Problem to work on: Pictures stay out, but every line of the data is copied exactly.

Data:
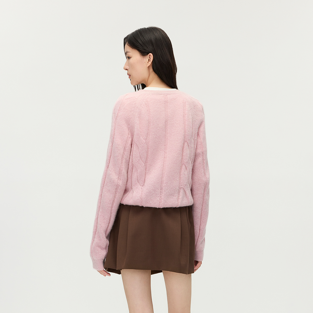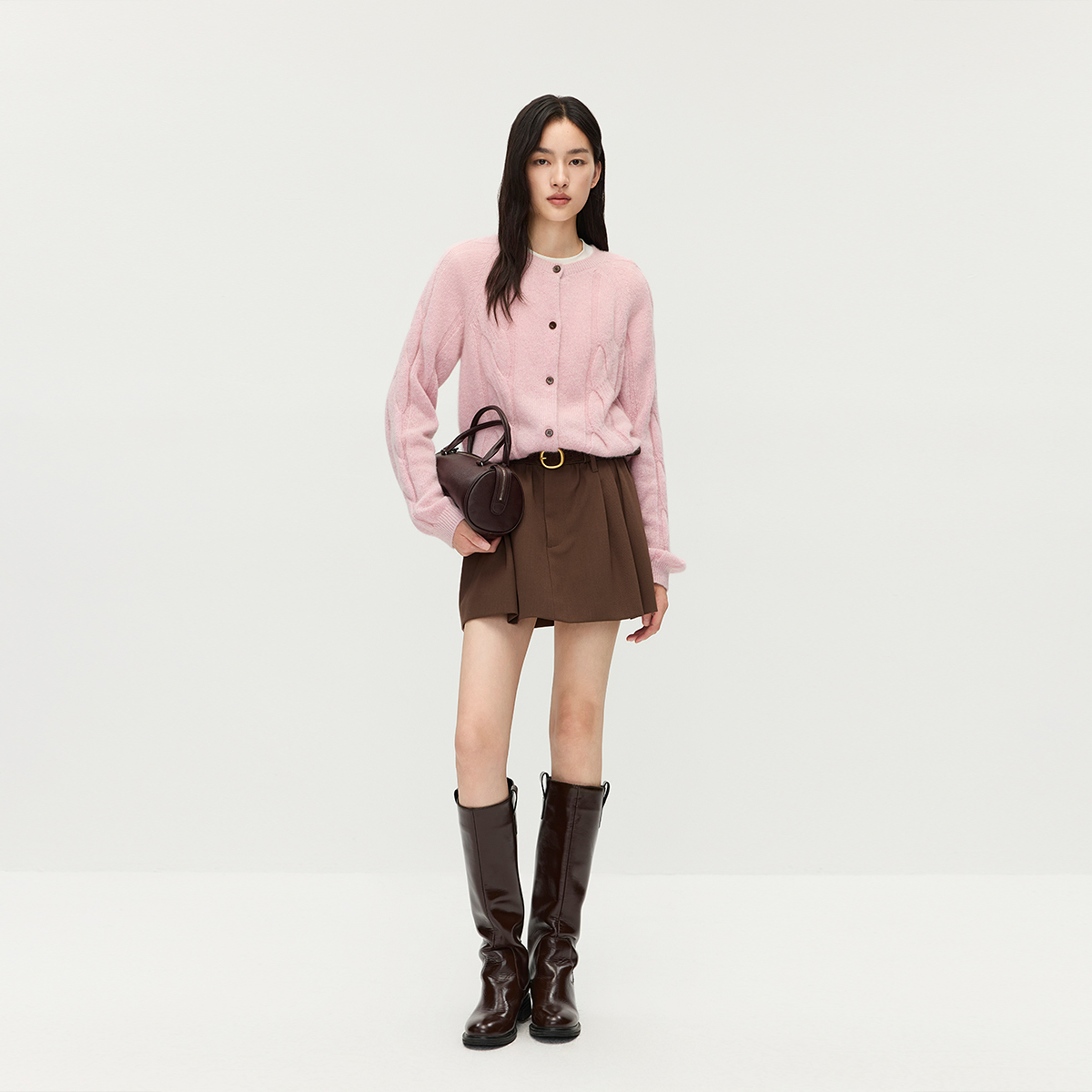 OCHIRLY欧时力羊毛绞花针织外套女圆领开衫 上衣慵懒2025秋冬新品
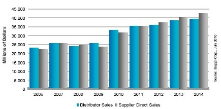 iSuppli公司估计,2009年中国的半导体销售额中,有52%是通过分销渠道实现的,相当于257亿美元。2009年分销商销售额比2008年增长7.6%,而原厂直销额则下降了4.6%,一个主要原因是一些主要采取直销方式的领先供应商在2009年销售额下降。但在未来五年,半导体原厂在中国将提高直销比例。
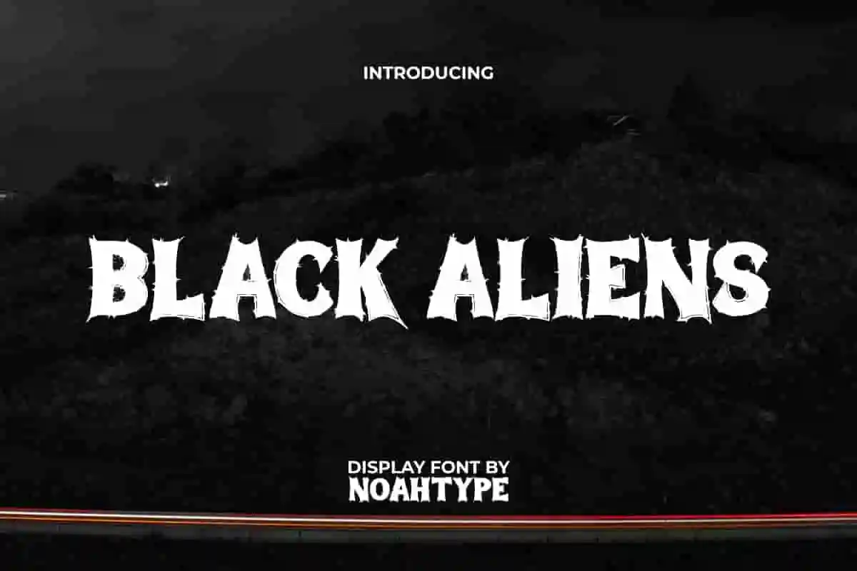 Black Aliens Font is a creepy black metal decorative font by NoahType. This font has small thorns all over the letters so it can make your blood rush when you look at it. It will be perfect for any designs, such as brand image, custom design, invitation, label, marketing material, menu, poster, printing, product packaging, quotes, signage, website, and many more!

Exercise answer:
 OCHIRLY欧时力羊毛绞花针织外套女圆领开衫 上衣慵懒2025秋冬新品
 iSuppli公司估计,2009年中国的半导体销售额中,有52%是通过分销渠道实现的,相当于257亿美元。2009年分销商销售额比2008年增长7.6%,而原厂直销额则下降了4.6%,一个主要原因是一些主要采取直销方式的领先供应商在2009年销售额下降。但在未来五年,半导体原厂在中国将提高直销比例。
 Black Aliens Font is a creepy black metal decorative font by NoahType. This font has small thorns all over the letters so it can make your blood rush when you look at it. It will be perfect for any designs, such as brand image, custom design, invitation, label, marketing material, menu, poster, printing, product packaging, quotes, signage, website, and many more!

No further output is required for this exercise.